Один пленник оказался настоящим счастливчиком, когда ему удалось унести ноги. Звали его дон Филипп де Гамаш, аббат из Сен-Фаро, монастыря, который на протяжении всего времени осады служил Генриху штаб-квартирой. Филипп, бывший монах из Сен-Дени, вместе с тремя другими монахами из своего аббатства облачились в доспехи, вооружились мечами и отправились сражаться с англичанами. Монах-хронист из Сен-Дени, который вполне мог знать их, рассказывает нам, что епископ Бове дал им свое благословение «сражаться за свою страну». Епископом этим был не кто иной, как Жювеналь дез Юрсен. К счастью для Филиппа, его [336] брат был капитаном Компьеня из партии дофинистов; он выкупил жизнь брата, которого Генрих намеревался утопить, сдав город англичанам.20)

Буже был отомщен. Вслед за этим началась капитуляция целой серии дофинистских крепостей, включая Креи-ан-Валуа и Оффремон, замок Ги де Несля, того самого, что свалился в ров с водой во время осады Мо. Генрих лично объезжал окрестности и сам принимал капитуляцию каждого города, подавляя малейшие проявления сопротивления.

Свою победу он отпраздновал поездкой в Париж, где ему предстояла встреча с королевой. Монстреле описывает, что он с братьями приветствовал Екатерину так, словно она была «ангелом, явившимся с небес». Сын и наследник, ставший причиной многочисленных поздравлений, был оставлен в Англии. Встреча происходила в большом замке Буа-дю-Венсен, в предместье Парижа.
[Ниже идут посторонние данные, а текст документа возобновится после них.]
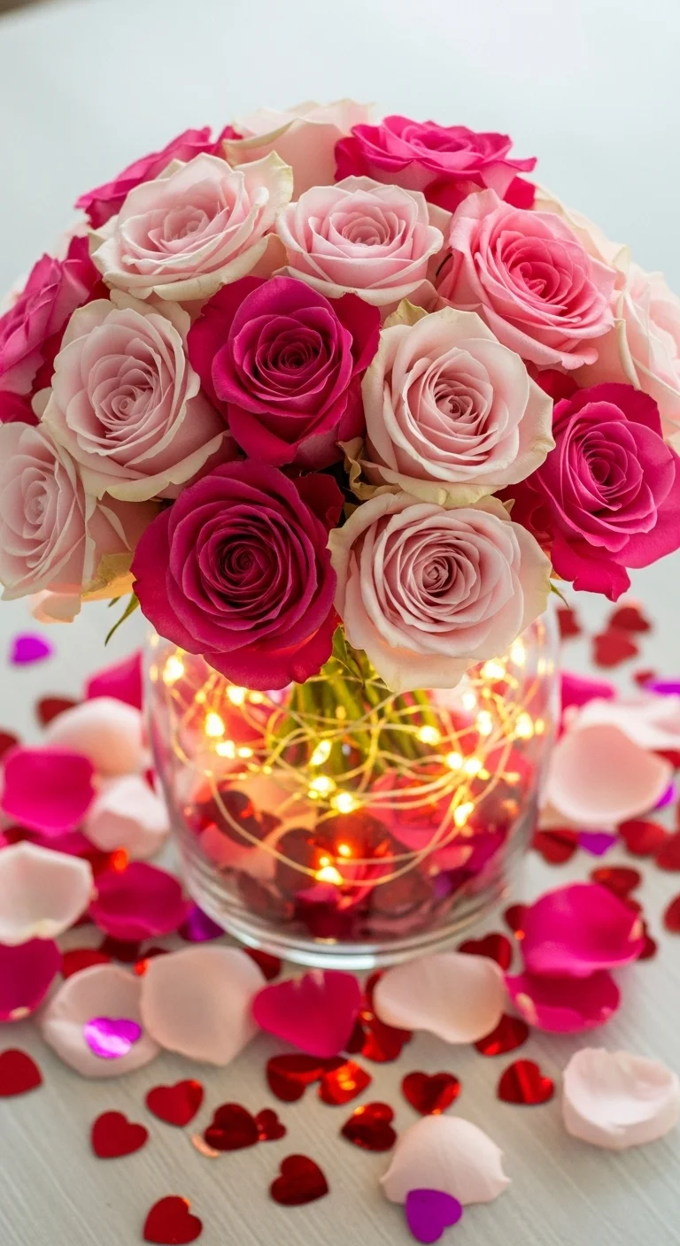 • Coil lights inside a glass vase with flowers or heart-shaped decor

Сегодня Венсен может показаться мрачным, бездушным и неуютным местом. Он хранит не слишком счастливые воспоминания. В 1804 году здесь, в его рву, был расстрелян герцог Энгиенский, в 1917 — Мата Хари. В июне 1940 года он служил штаб-квартирой генерала Гамлена, после этого четыре года был оккупирован иностранными войсками. Однако неравнодушие Генриха к Венсену полне объяснимо. Первоначально замок был охотничьим домом. Расположенный в лесах, он идеально подходил для любимого отдыха короля, конечно, если для этого он располагал временем. Строительство сторожевой башни замка было завершено в семидесятые годы XIV века дедом Екатерины, великим королем Карлом V. Это место выбрал Генрих в качестве своей резиденции. Его спальня сохранилась до наших [337] дней. Замок был оснащен тремя мощными постройками, оборонявшими ворота, а также шестью высокими башнями. Все строения были связаны между собой стенами, в которых размещались добротные жилища высших командиров Генриха. На охотничьей сценке, избраженной в «Tres Riches Heures du due de Berry» (Великолепный часослов герцога Беррийского-)), на заднем плане виднеется крепость-дворец. Должно быть, именно так она и выглядела в то время. Становится понятным, почему монах из Сен-Дени называет эту крепость «самым восхитительным из всех замков короля Франции».21) Кроме того, Венсен располагался всего в трех милях от Парижа, достаточно близко, чтобы в случае необходимости держать город в благоговейном страхе, но достаточно далеко, чтобы избежать непредвиденных неприятностей со стороны толпы или заговоров сторонников дофина.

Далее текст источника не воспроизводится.